View Single Post
  #2   Report Post  
Posted to microsoft.public.excel.programming
Ron Rosenfeld[_2_] Ron Rosenfeld[_2_] is offline
external usenet poster
 
Posts: 1,045
Default Basic regular expression question

On Sat, 16 Apr 2011 15:09:58 -0700, "Robert Crandal" wrote:

I'm still a newbie at all this regular expression stuff, so forgive
this newb question....

My input data strings have the following format:

"Item1 scissors"
"Item2 notebooks"
"I3 pens"
"itm4 keyboards"
.....

So, each line is basically formatted like this:

[string of characters] [several whitespace(s)] [string of characters]

Using regular expressions, how can I store each pair of items in
separate variables??

For example, if I read in the first line above,
I would like my variable sNum to store the "Item1" string, and a
variable named sObj would store "scissors". I guess I'm really
trying to parse each pair of items and store them in variables
using regular expressions, but I don't fully understand how to
create my own regular expression pattern strings yet.

Thanks!


What you show is two words separated by space(s).

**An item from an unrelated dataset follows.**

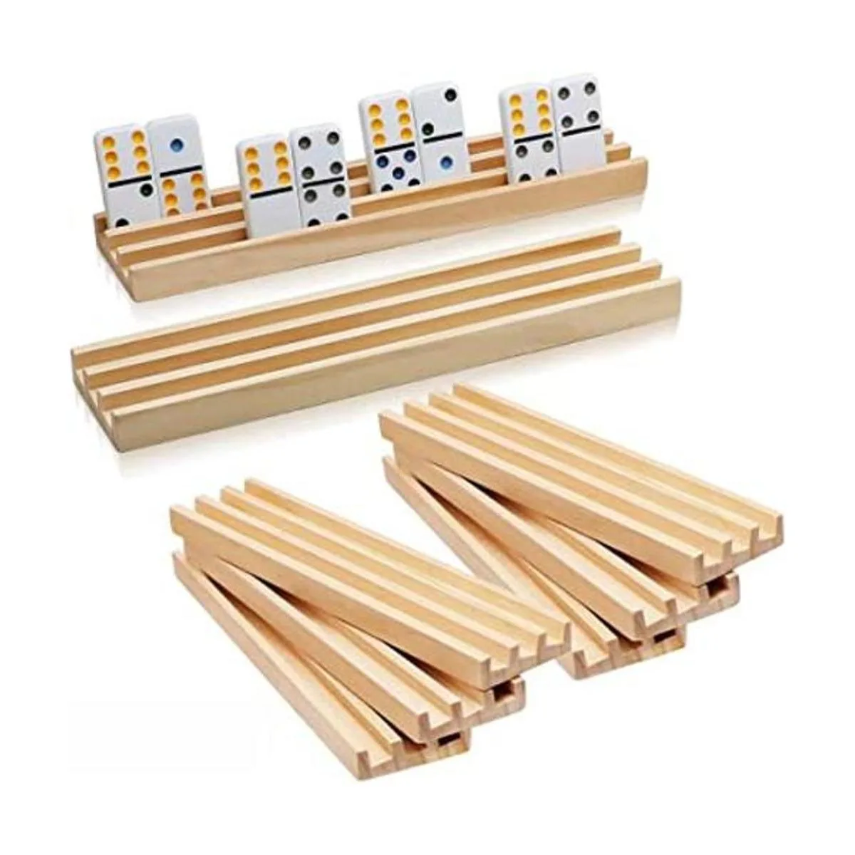 Juego de 8 estantes de madera para dominó Exqline Premium para bandejas de dominó organizadores para tren mexicano y otros juegos de dominó Dominó no incluido

Assuming that the words contain only letters, digits and possibly an underscore, and that there are only two words in each line, the regex is fairly simple:


^(\w+)\s+(\w+)

which means:

Assert position at the beginning of the string «^»

Match the regular expression below and capture its match into backreference number 1 «(\w+)»

Match a single character that is a “word character” (letters, digits, and underscores) «\w+»
Between one and unlimited times, as many times as possible, giving back as needed (greedy) «+»

Match a single character that is a “whitespace character” (spaces, tabs, and line breaks) «\s+»
Between one and unlimited times, as many times as possible, giving back as needed (greedy) «+»

Match the regular expression below and capture its match into backreference number 2 «(\w+)»

Match a single character that is a “word character” (letters, digits, and underscores) «\w+»
Between one and unlimited times, as many times as possible, giving back as needed (greedy) «+»

A sample VBA macro which captures the Item number into the first element of 2 dimensional array; and the object into the second item of the array, might look like:

=================================
Option Explicit
Sub foo()
Dim re As Object, mc As Object
Const sPat As String = "(\w+)\s+(\w+)"
Dim InputData(0 To 3) As String
Dim i As Long
Dim Results() As String

InputData(0) = "Item1 scissors"
InputData(1) = "Item2 notebooks"
InputData(2) = "I3 pens"
InputData(3) = "itm4 keyboards"

Set re = CreateObject("vbscript.regexp")
re.Pattern = sPat
re.Global = True

For i = 0 To UBound(InputData)
If re.test(InputData(i)) = True Then
Set mc = re.Execute(InputData(i))
ReDim Preserve Results(0 To 1, 0 To i)
Results(0, i) = mc(0).submatches(0)
Results(1, i) = mc(0).submatches(1)
End If
Next i

End Sub
==========================

Hope this helps.